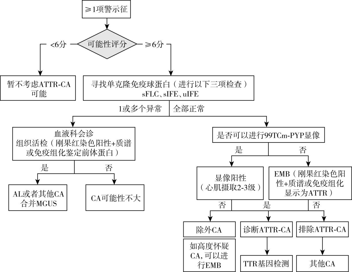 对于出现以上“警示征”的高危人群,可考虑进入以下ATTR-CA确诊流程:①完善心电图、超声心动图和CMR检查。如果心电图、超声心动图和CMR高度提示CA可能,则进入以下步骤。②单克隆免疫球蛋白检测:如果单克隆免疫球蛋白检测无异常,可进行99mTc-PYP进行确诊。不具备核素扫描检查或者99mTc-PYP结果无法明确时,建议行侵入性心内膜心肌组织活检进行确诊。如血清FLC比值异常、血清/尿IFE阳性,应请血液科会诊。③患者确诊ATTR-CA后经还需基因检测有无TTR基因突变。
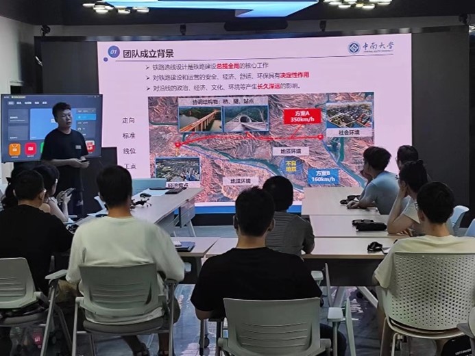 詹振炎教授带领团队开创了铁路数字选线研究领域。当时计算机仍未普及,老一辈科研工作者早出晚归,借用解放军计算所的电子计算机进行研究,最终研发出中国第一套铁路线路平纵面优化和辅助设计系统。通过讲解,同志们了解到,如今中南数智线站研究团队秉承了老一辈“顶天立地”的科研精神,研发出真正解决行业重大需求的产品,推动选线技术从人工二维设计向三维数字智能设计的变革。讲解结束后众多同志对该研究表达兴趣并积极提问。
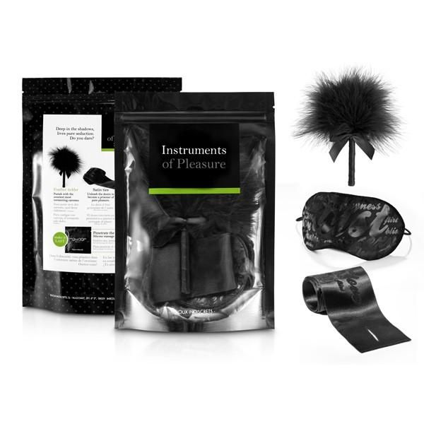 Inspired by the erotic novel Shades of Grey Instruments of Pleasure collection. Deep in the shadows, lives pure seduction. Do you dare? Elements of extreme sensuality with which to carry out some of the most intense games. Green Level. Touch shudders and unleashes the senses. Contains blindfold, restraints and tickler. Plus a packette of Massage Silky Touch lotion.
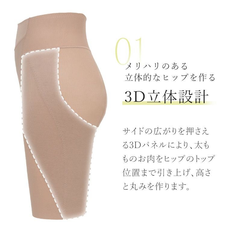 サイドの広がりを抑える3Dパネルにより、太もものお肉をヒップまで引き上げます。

...

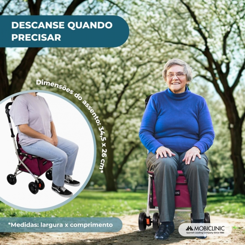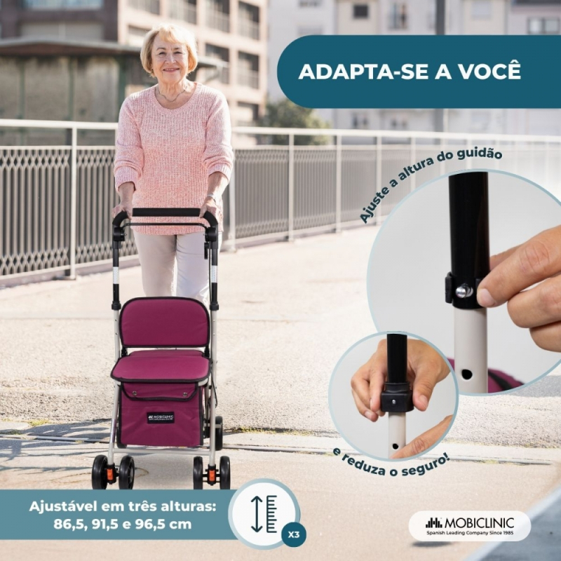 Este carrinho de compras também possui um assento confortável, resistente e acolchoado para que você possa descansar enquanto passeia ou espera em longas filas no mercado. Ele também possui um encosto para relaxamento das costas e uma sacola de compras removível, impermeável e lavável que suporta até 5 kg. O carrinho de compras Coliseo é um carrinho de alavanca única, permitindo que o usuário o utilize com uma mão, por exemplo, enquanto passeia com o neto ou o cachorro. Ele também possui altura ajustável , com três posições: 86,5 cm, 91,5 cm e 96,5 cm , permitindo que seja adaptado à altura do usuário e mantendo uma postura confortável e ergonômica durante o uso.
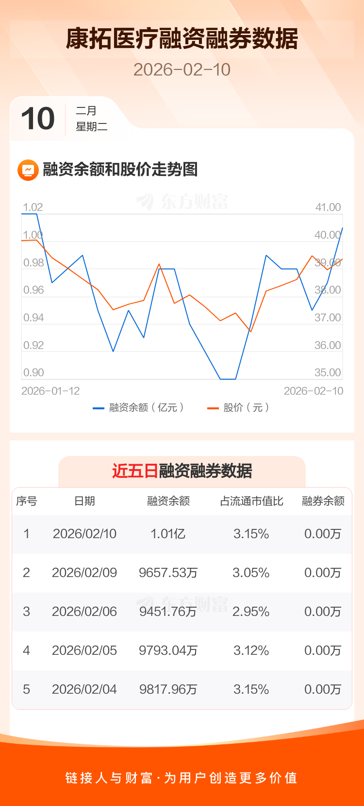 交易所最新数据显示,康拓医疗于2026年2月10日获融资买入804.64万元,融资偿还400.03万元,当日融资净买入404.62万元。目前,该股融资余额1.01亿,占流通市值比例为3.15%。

What needs to be done: Would you transcribe the lines above exactly, going from the line bearing "Inspired by the" through the line bearing "サイドの広がりを抑える3Dパネルにより、太もものお肉をヒップまで引き上げます。", and drop the pictures from the copy?

Written solution:
 Inspired by the erotic novel Shades of Grey Instruments of Pleasure collection. Deep in the shadows, lives pure seduction. Do you dare? Elements of extreme sensuality with which to carry out some of the most intense games. Green Level. Touch shudders and unleashes the senses. Contains blindfold, restraints and tickler. Plus a packette of Massage Silky Touch lotion.
 サイドの広がりを抑える3Dパネルにより、太もものお肉をヒップまで引き上げます。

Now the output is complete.